С Сильвией, которую он знал с детства, он был мил, приветлив той приветливостью, которая равносильна одариванию обносками. А Верону поцеловал в губы и, когда она сказала: "Осторожно!" — рассмеялся, с обожанием глядя на нее.

— Выпускается новая губная помада, которая держится целый день, несмотря на поцелуи, — сказала Верона, — Воображаю, как она будет дорога.

— Я достану для вас, — поспешил сказать Карди.

— Это в Париже, дорогой!

— Съезжу туда.

Вот это было в духе Вероны! В таких случаях она расцветала и становилась еще красивее.

— Ах ты, мой любимый! — шепнула она Карди и от удовольствия покраснела.

Сильвия оставила их вдвоем, но к чаю явилась целая куча народу, и после того, как Карди пересидел всех, Верона сказала:

— Дорогой, тебе надо исчезнуть.
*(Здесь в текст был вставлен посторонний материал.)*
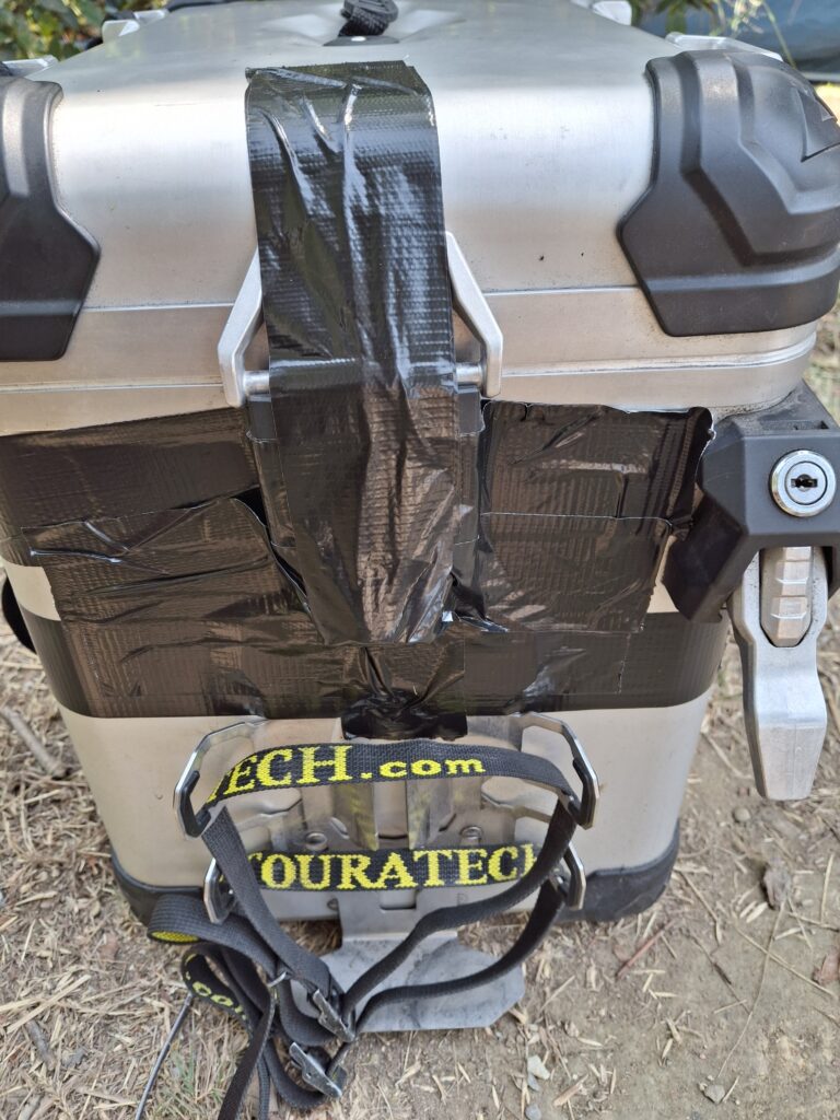 Zurück am Campingplatz wird erstmal das Tarp aufgebaut und dann der Seitenkoffer behelfsmäßig repariert. Wobei sich das Schloss hier für uns als irreparabel herausstellt: Ein Kunststoffteil ist abgebrochen. Atlan fixiert den Verschluss mit Duck Tape, sodas er einerseits zu ist und andererseits der Koffer nicht versehentlich hier geöffnet wird.

В семь часов у меня массажистка, и я уже задержала ее на десять минут. Поцелуй меня и — не забывай!

— Я хотел поговорить с тобой о Тото, — сказал Карди, обнимая ее.

— Разумеется, но… завтра?.. Ведь до завтра можно повременить?..

— Я думал — не напишешь ли ты ей маленькую записочку, — я сам не писал до сих пор, потому что хотел вложить твое письмо…

— Какой добросовестный папаша, — прошептала Верона у самых его губ.

Ее аромат, ее обаяние, ее красота ударяли Карди в голову, как вино богов. В ее руках он был податливее воска, пусть лепит из него, что хочет, он готов на все. Никаких усилий с ее стороны не требовалось. Он предупреждал малейшие ее желания с патетической идолопоклоннической интуицией влюбленного, окончательно потерявшего голову.

— С письмом Тото можно подождать до завтра, но завтра надо его отправить, надо сказать ей…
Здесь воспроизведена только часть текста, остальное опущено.